Strategic Assessment, Keputusan baru-baru ini oleh Mahkamah Konstitusi (MK) Indonesia untuk mengizinkan kandidat di bawah usia 40 tahun untuk maju sebagai presiden dan wakil presiden pada tahun 2024 telah menimbulkan kontroversi dan memunculkan kekhawatiran tentang pengaruh yang semakin meningkat dari dinasti politik dan oligarki di Indonesia. Keputusan tersebut telah banyak dikritik karena dianggap menguntungkan calon dari partai yang berkuasa, yakni menantu Joko Widodo, Gibran Rakabuming Raka, dan menimbulkan pertanyaan tentang independensi dan keadilan MK. Keputusan tersebut juga telah menyoroti masalah yang lebih besar tentang oligarki dan dinasti politik dalam politik Indonesia dan tantangan yang dihadapi oleh generasi muda dalam memeranginya.
Keputusan tersebut telah memicu diskusi dan debat yang intens di antara aktivis muda, mahasiswa, dan organisasi masyarakat sipil. Sekelompok 70 aktivis dan pemimpin dari berbagai kelompok, termasuk Blok Politik Pelajar, Bangsa Mahardika, BEM UI, Gerakan Buruh Bersama Rakyat, BEM KM UGM, LMNID, dan Public Virtue, berkumpul di kantor YLBHI di Jakarta, Senin (06/11/23) untuk membahas dan menyatukan pandangan mereka tentang bagaimana menyelamatkan Indonesia dari cengkeraman oligarki dan dinasti politik.
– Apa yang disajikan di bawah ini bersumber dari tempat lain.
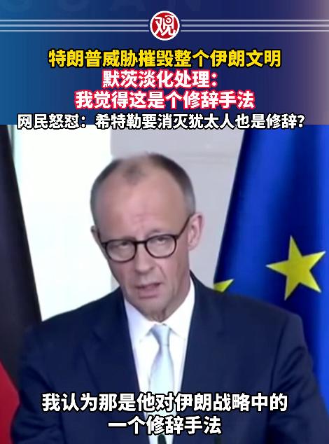 真让人火大!德国总理默茨面对特朗普扬言摧毁伊朗文明的极端言论,居然轻描淡写称只是 “修辞手法”,这番表态瞬间惹怒全球网友,骂声一片。 时间回到2026年4月7号,特朗普在自己的社交平台上,发了一条让人浑身发毛的动态,里面写着:“今晚,整个文明将消亡,永无复兴之日”。 这条动态一曝光,瞬间在全世界掀起了轩然大波,伊朗方面也没惯着他,直接硬气回怼,明确表示“克制到此为止”,要是特朗普真敢动手,他们就直接反击美国和其盟友的相关设施。 可最让人膈应的一幕来了,当有人问德国总理默茨,怎么看待特朗普这番威胁时,他居然轻描淡写地打圆场,说这只不过是特朗普的“修辞而已”,大家没必要太较真。 就是这句轻飘飘的辩解,直接点燃了全网的怒火,尤其是德国本土的老百姓,当场就怒怼回去:“当年希特勒说要消灭犹太人,难道也是所谓的修辞吗?” 懂的人都知道,在德国,纳粹大屠杀是刻在骨子里的禁忌,是绝对不能触碰的历史红线,可默茨倒好,把毁灭一个文明的致命威胁,说得跟随口闲聊的话术一样,这不是在践踏历史,又是什么? 说白了,特朗普的那些狂言,根本不是随口吹牛,就是明晃晃的威胁,目的无非就是想逼伊朗低头服软,可这种不管老百姓死活的做法,早就突破了做人的底线,而默茨的辩解,更是不负责任到了极点,说白了就是怕得罪美国,想靠着和稀泥蒙混过关。 其实这事说白了一点都不复杂,根本没有什么所谓的“修辞”,全是关乎无数人命运的大事。 特朗普的狂妄自大,默茨的敷衍了事,都在提醒我们:有些底线绝对不能碰,但凡敢为极端言论开脱,终究会被所有人唾弃,被历史狠狠教训! 信息来源:观察者网《特朗普威胁摧毁整个伊朗文明,默茨淡化处理:我觉得这是个修辞手法,网民怒怼:希特勒要消灭犹太人也是修辞?》2026-04-10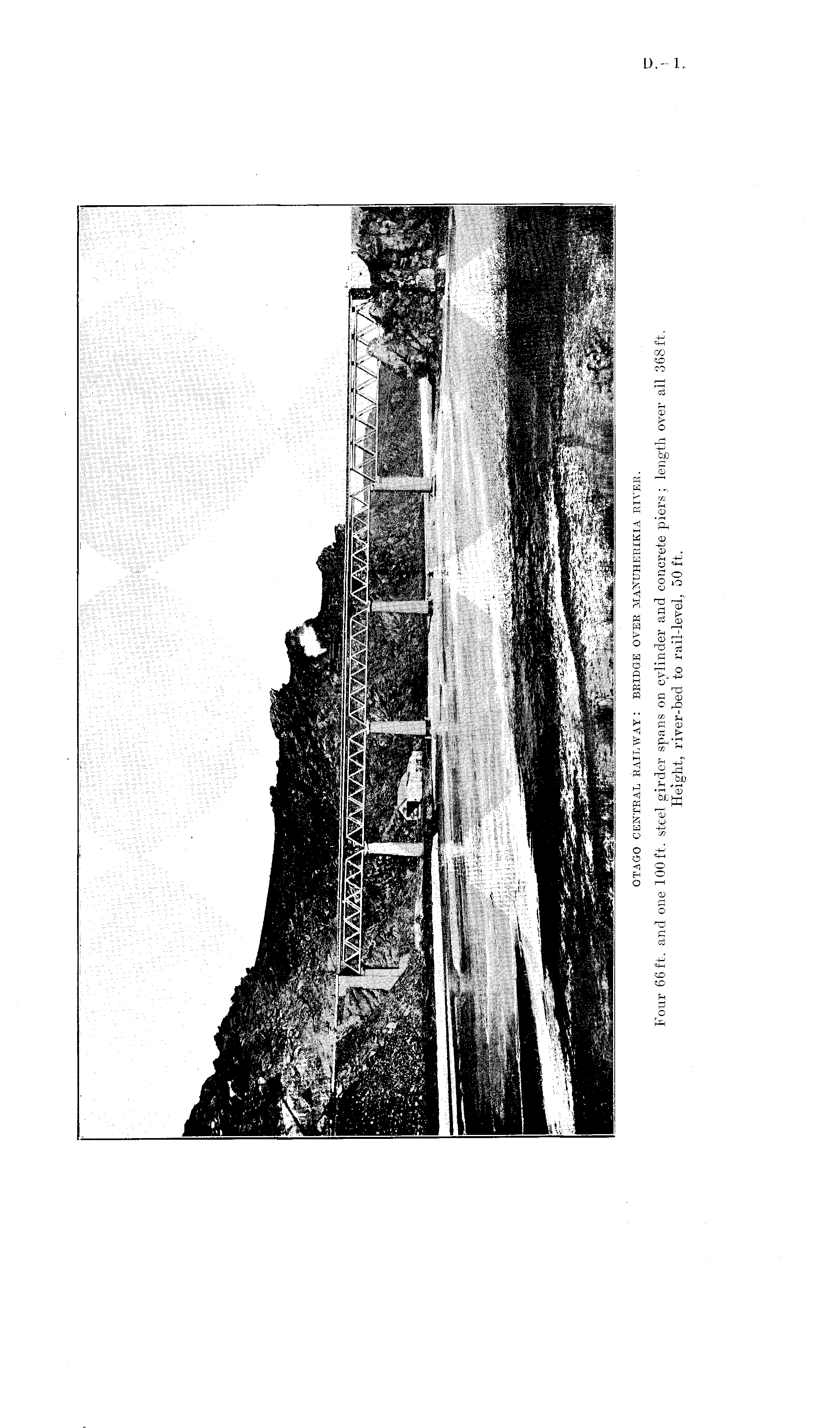 OTAGO CENTRAL RAILWAY: BRIDGE OVER MANUHERIKIA RIVER. Four 66ft. and one 100ft. steel girder spans on cylinder and concrete piers; length over all 368ft. Height, river-bed to rail-level, 50 ft.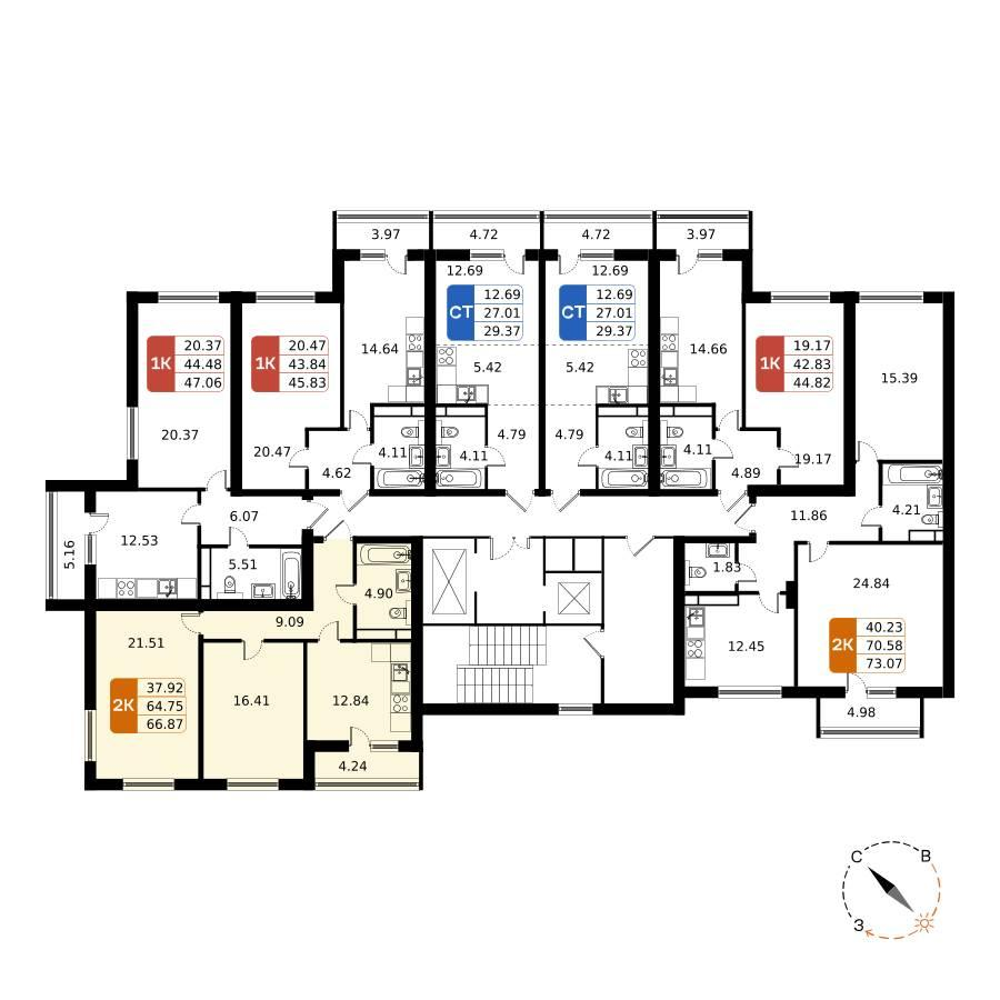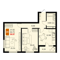 2-к. квартира, 66 м²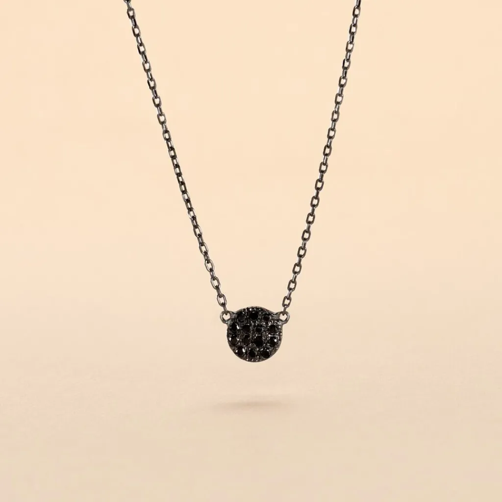 Collier Or Blanc 375/1000 Pavage Diamants Rhodie Noirs 0.46mm 42cm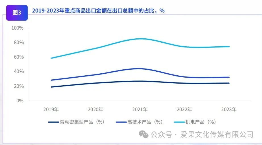 中国的出口产品结构正在优化,机电产品和高技术产品的出口占比快速上升,而劳动密集型产品的出口占比在下降。
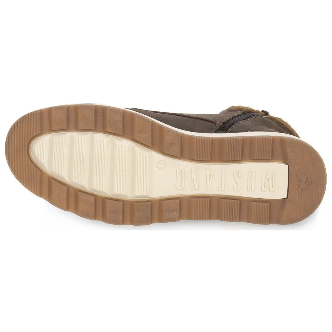 Bottines Mustang pour hommes avec tige en cuir écologique et doublure en fourrure synthétique. Confort et praticité dans une seule chaussure. Fermeture avec lacets et zip latéral. Semelle en caoutchouc. Couleur: Marron foncé.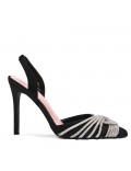 Sandale à talon en mix matières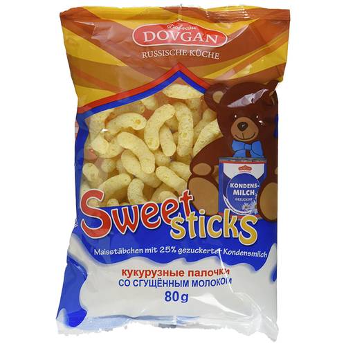Auf der Zutatenliste dieser russische Süssigkeiten von Dovgan stehen nur Zucker, Glukosesirup, Magermilchpulver, Butter und Vanillearoma.

Tema utama yang dibahas adalah keputusan MK, dinasti politik, dan langkah-langkah yang dapat diambil oleh kaum muda untuk melawan oligarki.
Diskusi diawali oleh Fiyya dari Bangsa Mahardika, yang menyoroti dampak buruk kebijakan rezim Jokowi terhadap lingkungan, masyarakat adat, dan pekerja. Dia juga mengkritik nepotisme yang mengakibatkan terpilihnya menantu Jokowi sebagai wali kota dan sekarang potensial sebagai wakil presiden, yang dianggapnya sebagai pengkhianatan terhadap nilai-nilai demokratis yang dijunjung tinggi oleh generasinya. Diskusi kemudian berputar tentang keputusan MK, yang banyak peserta lihat sebagai menguntungkan dinasti politik dan bertentangan dengan putusan sebelumnya yang menetapkan batas usia di 40 tahun. Axel dari Public Virtue berpendapat bahwa keputusan tersebut menunjukkan kekuatan elit dalam membentuk politik Indonesia dan mengesampingkan generasi muda dari proses politik.
Rivaldi Haryo Seno dari LMNID menambahkan bahwa keputusan MK baru-baru ini adalah hanya salah satu contoh bagaimana kebijakan Jokowi bertujuan melayani kepentingan oligarki dan besar-besaran. Dia berpendapat bahwa sementara ada pembicaraan tentang impeachment, tidak ada jalan yang jelas menuju pencapaian hal ini dan bahwa mobilisasi publik sangat penting untuk mewujudkan perubahan yang bermakna. Mela dari YLBHI menambahkan bahwa keputusan tersebut mengungkap masalah yang lebih besar tentang dinasti politik dan oligarki dalam politik Indonesia, yang telah merusak proses demokratis dan memberikan ketidakpercayaan bagi generasi muda.
Bisma Ridho dari ITB kemudian menekankan perlunya solidaritas dan upaya kolektif dalam mewujudkan perubahan. Dia meminta untuk terus memobilisasi dan mengorganisir kaum muda untuk menuntut pertanggungjawaban dari pemerintah dan melawan oligarki dan dinasti politik.
Delpedro dari Blok Politik Pelajar berpendapat bahwa reformasi politik sangat penting untuk mencapai representasi yang sebenarnya dan generasi muda harus melawan hambatan struktural untuk partisipasi. Politik dinasti bukan hanya sekedar pemecatan, karena itu akan mengurangi kekuasaan, termasuk yang terbaru mengenai akan diangkatnya KASAD sebagai Panglima TNI yang akan membantu mengamankan Pemilu.
Ketua BEM UI, Melki Sedek Huang, menegaskan bahwa gerakan menolak politik dinasti sudah dilakukan di masa lalu dan harus kembali diaktifkan. Ketika bicara soal politik dinasti ataupun putusan MK teman-teman sudah paham, kita menolak politik dinasti dan menolak Keputusan MK kemarin itu tidak sama dengan kita mendukung capres manapun. Dengan adanya putusan MK saat ini buat orang bawah apabila ingin menjadi pejabat itu adalah mimpi disiang bolong.